Over at NewScientist.com, someone named Bob Holmes imagines all the wonderful things that would happen to the Earth if all the people disappeared:
By some estimates, we now commandeer 40 per cent of all its productivity. And we’re leaving quite a mess behind: ploughed-up prairies, razed forests, drained aquifers, nuclear waste, chemical pollution, invasive species, mass extinctions and now the looming spectre of climate change. If they could, the other species we share Earth with would surely vote us off the planet.
Now just suppose they got their wish. Imagine that all the people on Earth – all 6.5 billion of us and counting – could be spirited away tomorrow, transported to a re-education camp in a far-off galaxy.
Re-education camp. There’s a lovely idea for you. I suspect it says something about Holmes’s view of humanity that his ecological fantasy doesn’t begin with humans suddenly discovering cheap space flight and deciding to convert the Earth into a nature preserve.
On the one hand, it’s a fascinating bit of speculative science, but on the other hand, the whole thing has an unpleasant “teaching humanity a lesson” vibe to it, in which Holmes imagines that humanity would be wiped away completely and the Earth would return to some mythical unmolested state.
He wishes away problems like still-running nuclear power plants melting down, and he sort of ignores the mass die-off that would occur when there’s nobody to feed the billions of animals we keep as livestock.
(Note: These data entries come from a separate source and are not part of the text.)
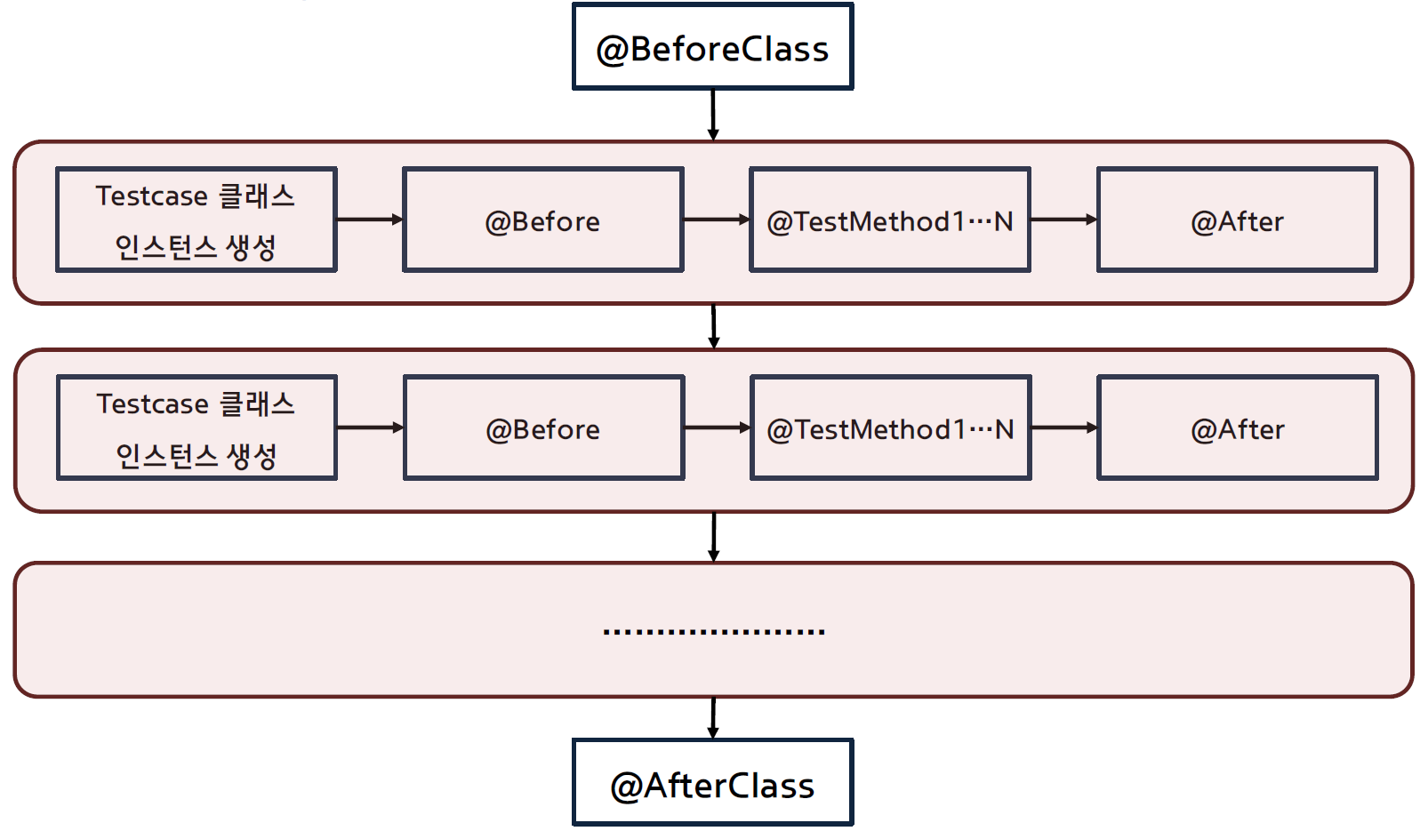 JUnit은 어노테이션이 지정된 메서드 또는 클래스를 실행합니다. JUnit은 @BeforeClass로 지정된 클래스를 가장 먼저 실행하고, 그 이후로는 @Test, @Befre, @After로 지정된 메서드를 실행합니다. 테스트 케이스가 모두 실행 완료되면 @AfterClass로 지정된 클래스가 실행됩니다. 아래 이미지를 참고하시면, JUnit의 실행 순서를 쉽게 이해하실 수 있습니다.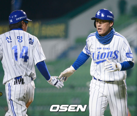 11일 오후 대구구장에서 '2013 한국야쿠르트 세븐 프로야구' 삼성 라이온즈와 한화이글스 경기 3회말 1사 2,3루 박한이의 2타점 적시타때 3루 주자 이승엽 득점을 올리며 신몀철의 환영을 받고 있다.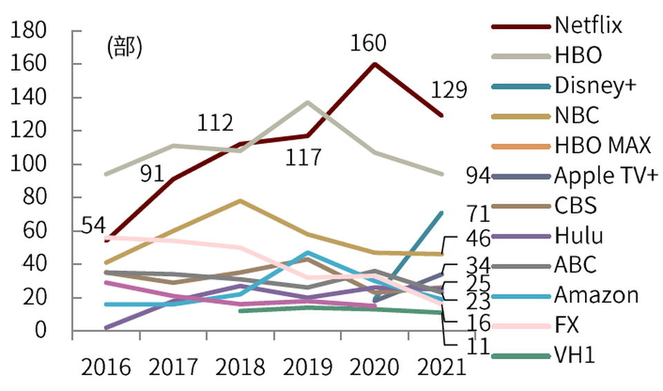 從長期競爭格局看,內容重要性突出,流媒體平台與傳統媒體迎來正面競爭。對網路渠道方而言,我們認為隨着內容對渠道的影響力有所加強,平台需要以豐富的優質、獨家內容滿足各類用户需求,而打通產業鏈上下游有助於有效控制內容品質、形成自有內容調性,獲得差異化壁壘。對傳統內容方而言,我們認為渠道作為離終端消費者更近的環節更有利於內容營銷推廣,並通過縮短窗口期實現多元化變現。因此,以Netflix、Apple等網路平台加強內容自制,迪士尼等好萊塢傳統制片廠們推出自有平台為標誌,影視行業呈現出內容渠道縱向整合的趨勢,產業鏈上下游競爭愈發激烈。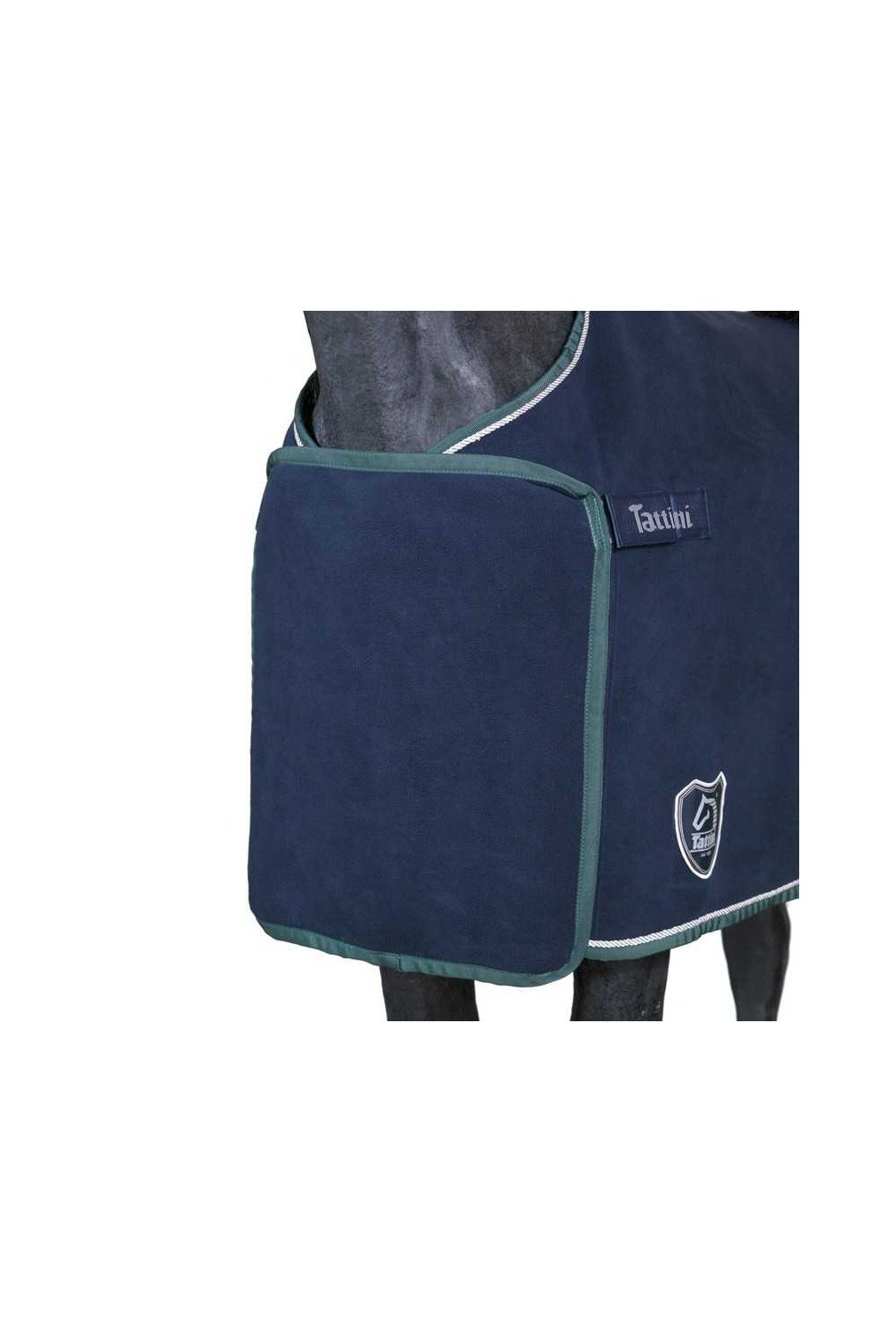 En polar doble 400 g anti-pilling de dos colores, azul en el exterior y verde en el interior, perfilado con un cordoncillo en contraste, cierre delantero con gancho en T, baticola interior. Incluye solapa desmontable en talla £nica que se engancha a la manta mediante tiras de velcro ajustables, ideal para entregas de premios o como manta de patrocinio. Posibilidad de bordado.Equivalencia de medidas: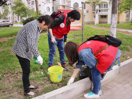 (预备党员和社区居民共同清理草坪)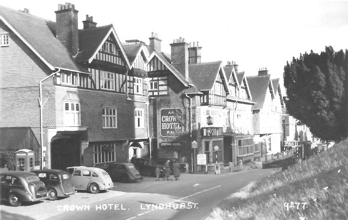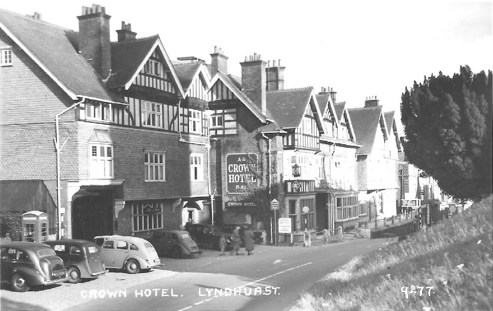 An MG Y-Type parked in front of the Crown Hotel in Lyndhurst, New Forest. The Crown Hotel is still in operation, now as the Crown Manor House Hotel. Anyone who visited Beaulieu in the New Forest in the South of England, either as a vacation destination, to visit the National Motor Museum, or to find MG parts at Beaulieu, the worlds largest British car parts swap-meet, may have driven through Lyndhurst, or even stayed at the hotel. There was a YA followed later by the YB but the two are only minimally different and mostly referred to Y-Type. The spare wheel was behind a separate cover under the trunk lid, which appears to be darker in this photo, which is too small to see why and what the object, that appears to be on the right side of the rear bumper, is.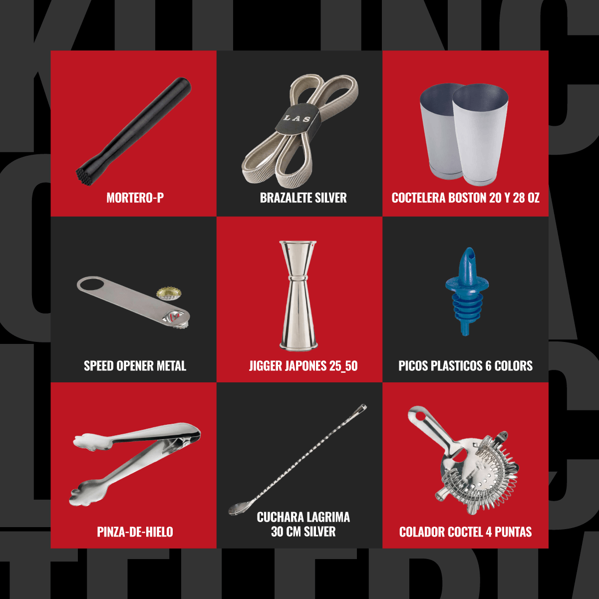 Este completo set incluye todo lo necesario para comenzar a crear tus propios cócteles, con utensilios de alta calidad.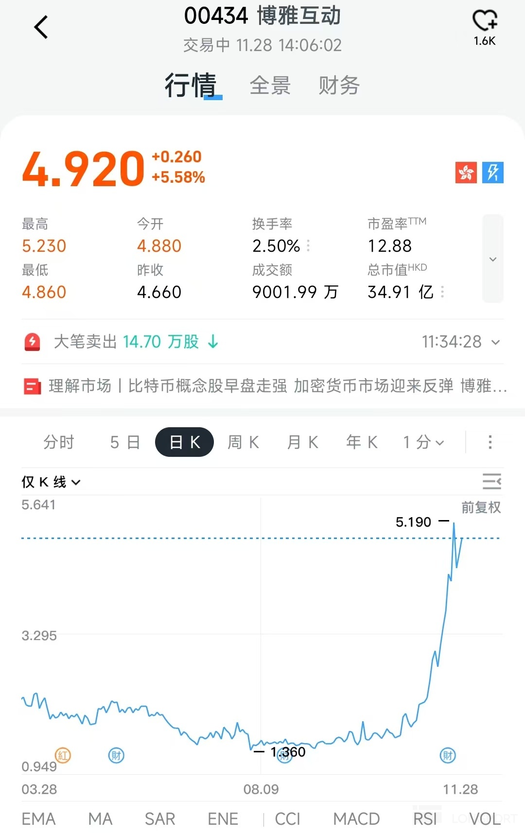截至 11 月 21 日,博雅互動已持有 2688 枚比特幣,平均每枚成本為 5.44 萬美元。以當日比特幣價格計算,博雅互動持幣浮盈超 1.17 億美元。當前 11.28 日盤中博雅互動的最新股價為 4.92 港元/股,年初至今已漲十倍左右。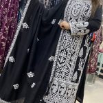 Attractive chinnon 3pc chikankari work palazzo set with full chikankari work on all over the kurta & matching work also on palazzo with matching thread work also on borders of the dupatta.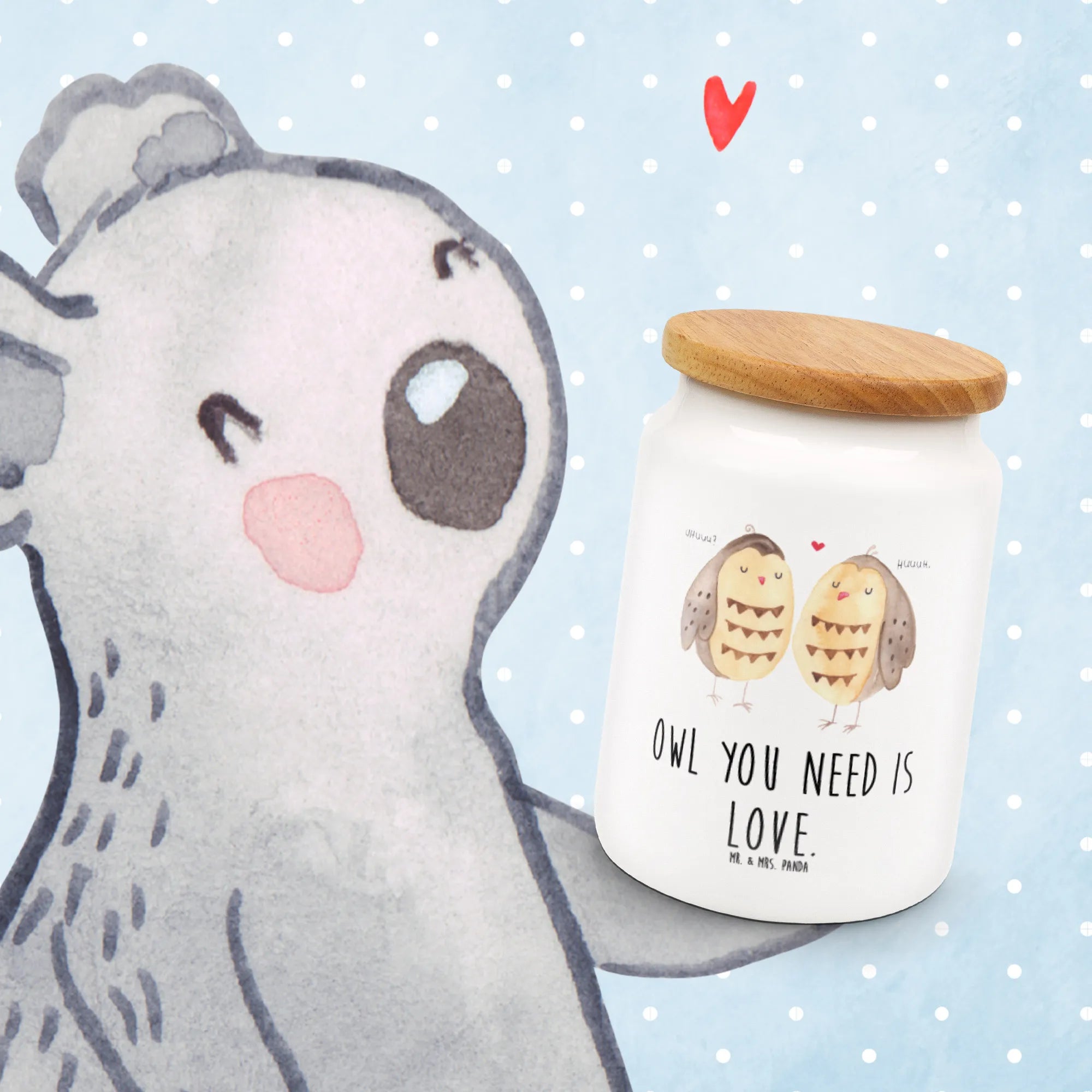 Are you looking for the perfect gift that combines functionality with a sprinkle of love? Meet our enchanting "Owls in Love" storage jar by Mr. & Mrs. Panda! This delightful ceramic jar isn't just a practical kitchen storage solution; it’s also a heartfelt statement of affection. Featuring two adorable, love-struck owls perched on a branch, this jar embodies the whimsical spirit of love with the saying "Owl you need is love". Perfect as a treat jar or cookie jar, it brings joy and warmth to any pantry or countertop.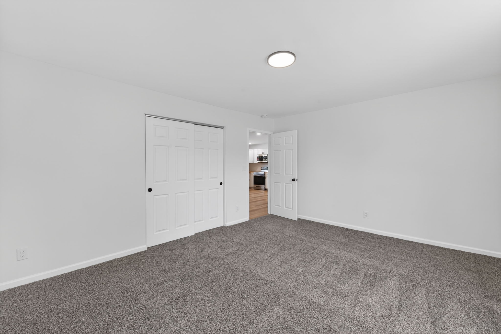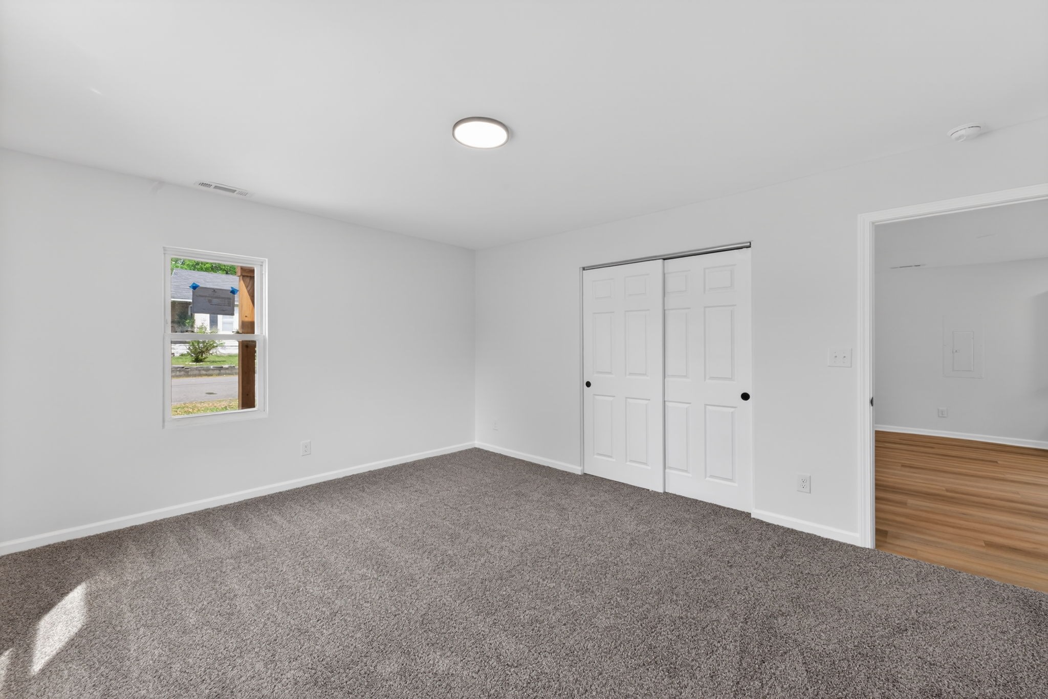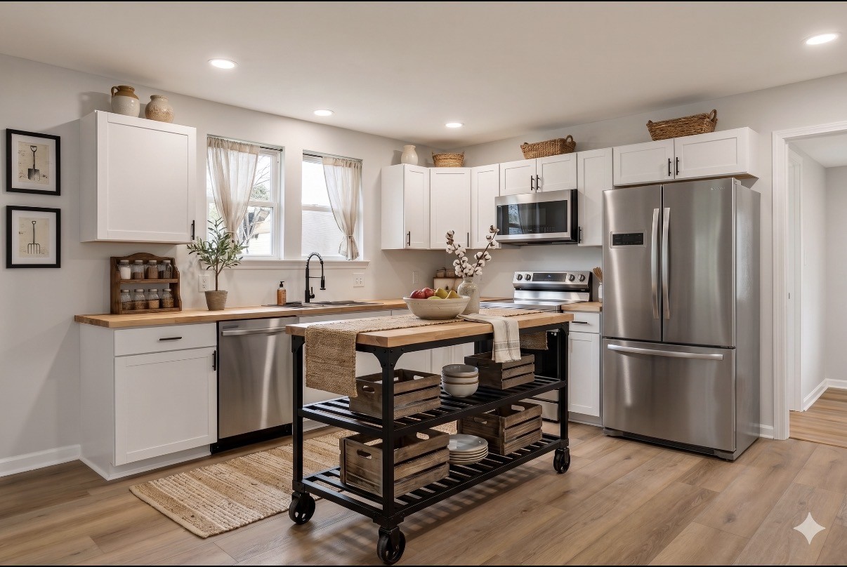 The brand-new kitchen shines with shaker-style cabinets, butcher block countertops, a stainless-steel sink, and new stainless appliances including a range, microwave, and dishwasher. A built-in pantry adds functionality and charm.

He seems to regard even our domesticated animals as some sort of pest that will eventually be wiped out.
Toward the end, he imagines aliens visiting the Earth and finding few clues that a civilisation once flourished:
The humbling – and perversely comforting – reality is that the Earth will forget us remarkably quickly.
Well, most of us will be forgotten. Except for Richard Nixon. As President during our brief flirtation with space exploration, his name is engraved in gold on a plaque on the airless surface of the moon.